For Equation 3, Omech et al. (28) tested the original FINDRISC (Equation 3) in Botswana. The cross-sectional cohort had 291 general medical outpatients (Assumed race 100% black, age ≥20 years, mean age 50.1). Diabetes was defined as A1C ≥6.5%.

For equation 4, Zhang et al. (29) tested the FINDRISC in the United States among 20,633 adult participants (18% black, 25% Hispanic, 53% white, 4% other; age ≥20 years, mean age 47.8) enrolled in the 1999–2010 National Health and Nutrition Examination Survey (NHANES). Diabetes was defined as fasting glucose ≥126 mg/dL, or 2 h OGTT ≥200 mg/dL, or A1C ≥6.5%.

The original FINDRISC had eight non-invasive variables: Age, BMI, waist circumference, hypertension medication, history of high blood glucose, family history of diabetes, daily fruit and vegetable consumption, and physical activity.

The original FINDRISC had had “poor” discrimination in Botswana (Equation 3) cohort (Total African descent population: AROC 0.63) and “acceptable” discrimination of diabetes in the United States (Equation 4) (Total African descent population: AROC 0.76).

Equation 5: FINDRISC, Simplified

For equation 5, the simplified FINDRISC was evaluated in South Africa. Masconi et al. (26) examined the simplified FINDRISC in the Cape Town Bellville-South cohort as described above.

The simplified FINDRISC included five non-invasive variables: Age, BMI, waist circumference, hypertension medication, history of high blood glucose.

The simplified FINDRISC had “poor” discrimination in the South African cohort (Equation 5) (Total African descent population: C-statistic 0.67; Men 0.70; Women 0.66).

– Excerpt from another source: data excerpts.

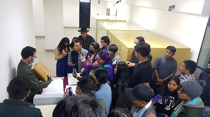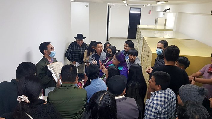 Posteriormente, docente y estudiantes realizaron una visita guiada por los espacios del ABNB que comenzó en la sala que lleva el nombre del gran investigador, archivista y bibliógrafo Gabriel René Moreno, con su impresionante Biblioteca que sobrevivió a tres incendios, donde pudieron apreciar el fondo de libros antiguos, admirando los ejemplares de la tercera parte de la Suma Teológica de Santo Tomás de Aquino, publicada el año 1493; la primera edición del Vocabulario de la lengua aymara de Ludovico Bertonio y otras joyas bibliográficas, además de observar también los ejemplares originales del periódico El Cóndor de Bolivia, de la colección Moreno y la obra Viaje a la América meridional de d’Orbigny.
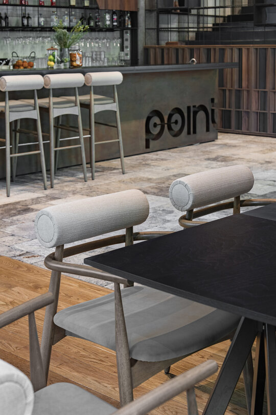 Re-Point este un proiect de design interior despre ce se păstrează și refolosește și ce alegem să înlocuim, despre cum se poate schimba întreaga atmosferă a spațiului interior al unui bar și restaurant printr-o intervenție chirurgicală, fără a-i întrerupe activitatea.
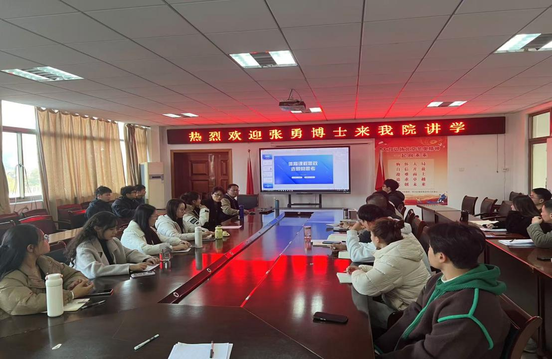 11月27日,体育学院邀请安徽工程大学的张勇博士举办了一场关于“体育课程思政”的讲座,旨在剖析体育课程思政的实质。此次讲座吸引了众多体育学院教师和研究生到场聆听学习和交流。
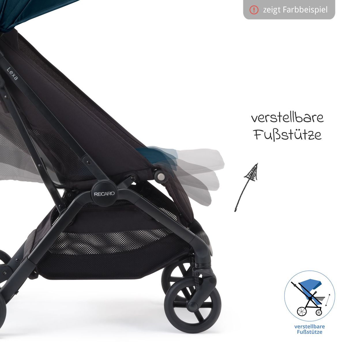 La Lexa è dotata di un sedile ben imbottito. I generosi inserti in rete permettono all'aria di circolare facilmente. Questo garantisce il comfort nelle giornate più calde. Ti permette di utilizzare il passeggino per brevi viaggi, anche per i bambini più piccoli. Lo schienale del sedile può essere reclinato in modo continuo per ottenere una posizione distesa e rilassata. Il bambino può appoggiare comodamente i piedi sul poggiapiedi. Una barra di sicurezza imbottita e il sistema di cinture a 5 punti assicurano una presa sicura del seggiolino.
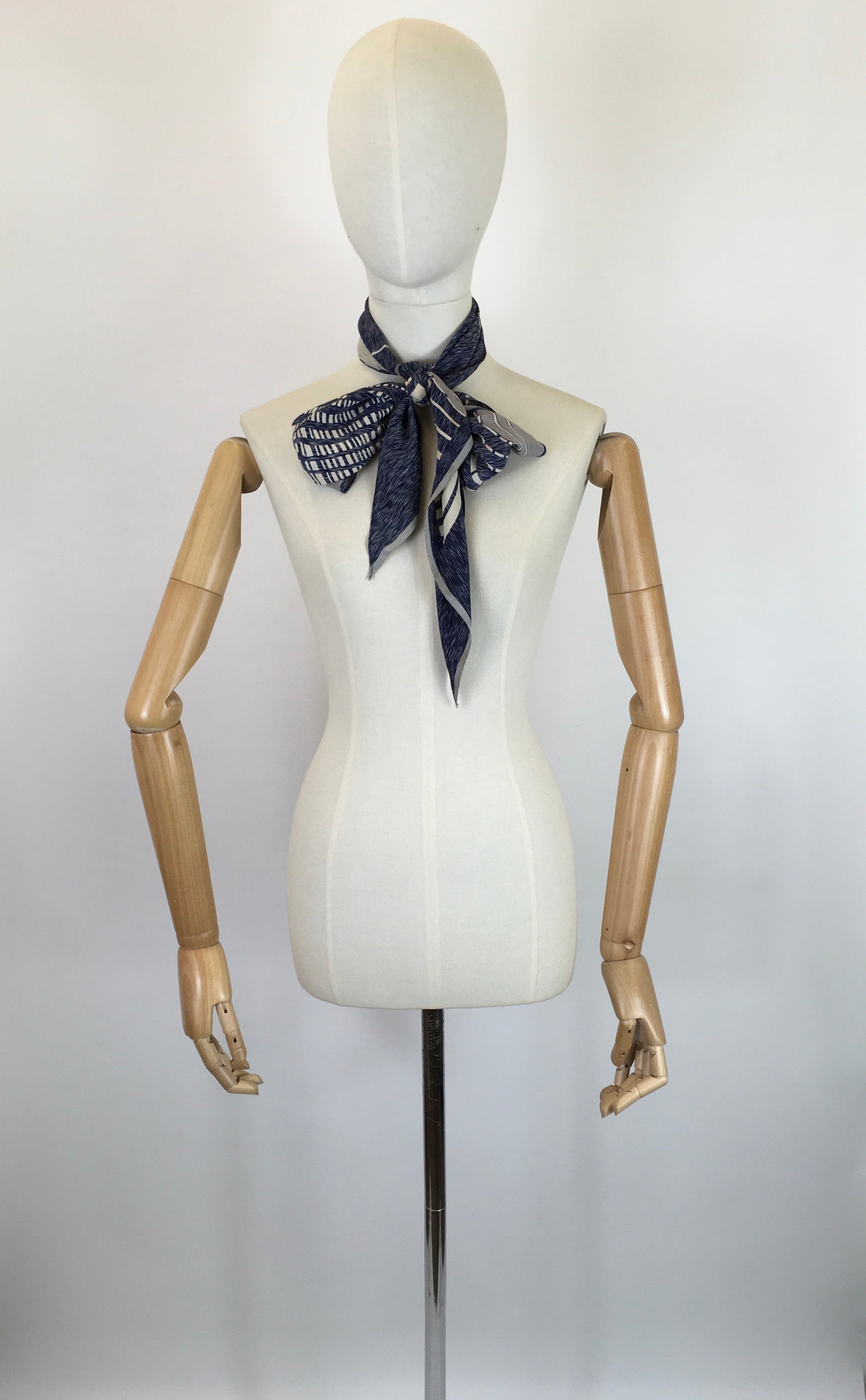 Original 30s darling deco pointed scarf in a Navy/cream combination. Fabulous iconic deco shapes and lines on this beauty. These are becoming harder to find and can be so versatile, worn different ways for a truly inspiring vintage wearer/collector.
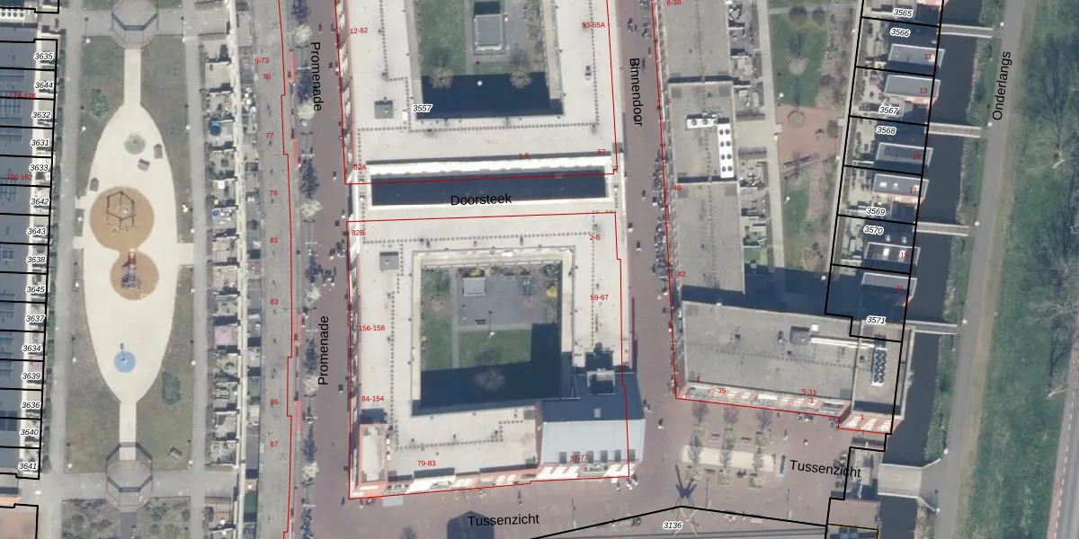 Het adres ligt op het perceel WDV01-D-3557, dat zich in de kadastrale gemeente Waddinxveen bevindt. De gemiddelde perceeloppervlakte in de kadastrale gemeente Waddinxveen is 2158,81 m². Dit perceel is met zijn 3,1 ha dus groter dan gemiddeld. De grootste perceeloppervlakte in de kadastrale gemeente is 49,8 ha. De kleinste oppervlakte bedraagt 0 m². Er zijn 316 adressen aanwezig op het perceel. In de Basisregistratie Kadaster (BRK) werden de grenzen van het perceel geregistreerd op 11-12-2025.
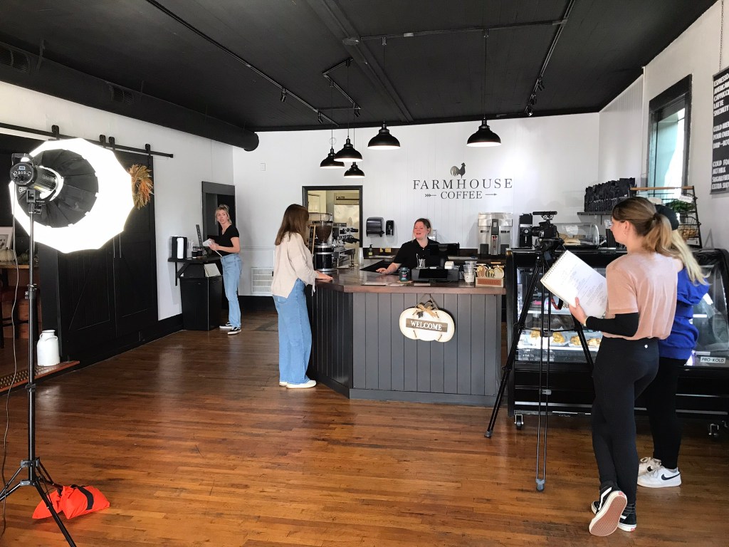 In the long shot, on the film set of the short film “Pinky Promises,” a capstone project for senior Maggie Bishop. Location is the local coffee shop Farmhouse from left to right, Mackenzie Cain, Laurana Layton, Haylee Collins, Maggie Bishop, and Sophie Haines.

Equation 6: Kuwaiti Diabetes Score

In South Africa, Masconi et al. also examined the Kuwaiti diabetes score in the Cape Town Bellville-South cohort as described above (26). The equation had four variables: Age, hypertension medication, family history, and waist circumference. The Kuwaiti equation had “poor” discrimination of diabetes in the South Africa cohort (Total African descent population: C-statistic 0.67; Men 0.70; Women 0.67).

Equation 7: Omani Diabetes Score

In South Africa, Masconi et al. also examined the Omani diabetes score in the Cape Town Bellville-South cohort as described above (26). The equation had five variables: Age, waist circumference, BMI, family history of diabetes, and current hypertension. The Omani score had “poor” discrimination in the South African cohort (Total African descent population: C-statistic 0.66; Men 0.62; Women 0.66).

Equation 8: Rotterdam Predictive Model

In South Africa, Masconi et al. also examined the Rotterdam predictive model in the Cape Town Bellville-South cohort as described above (26). The equation had four variables: Age, sex, BMI, and hypertension treatment. The Rotterdam predictive model had “poor” discrimination in the South African cohort (Total African descent population: C-statistic 0.64; Men 0.62; Women 0.66).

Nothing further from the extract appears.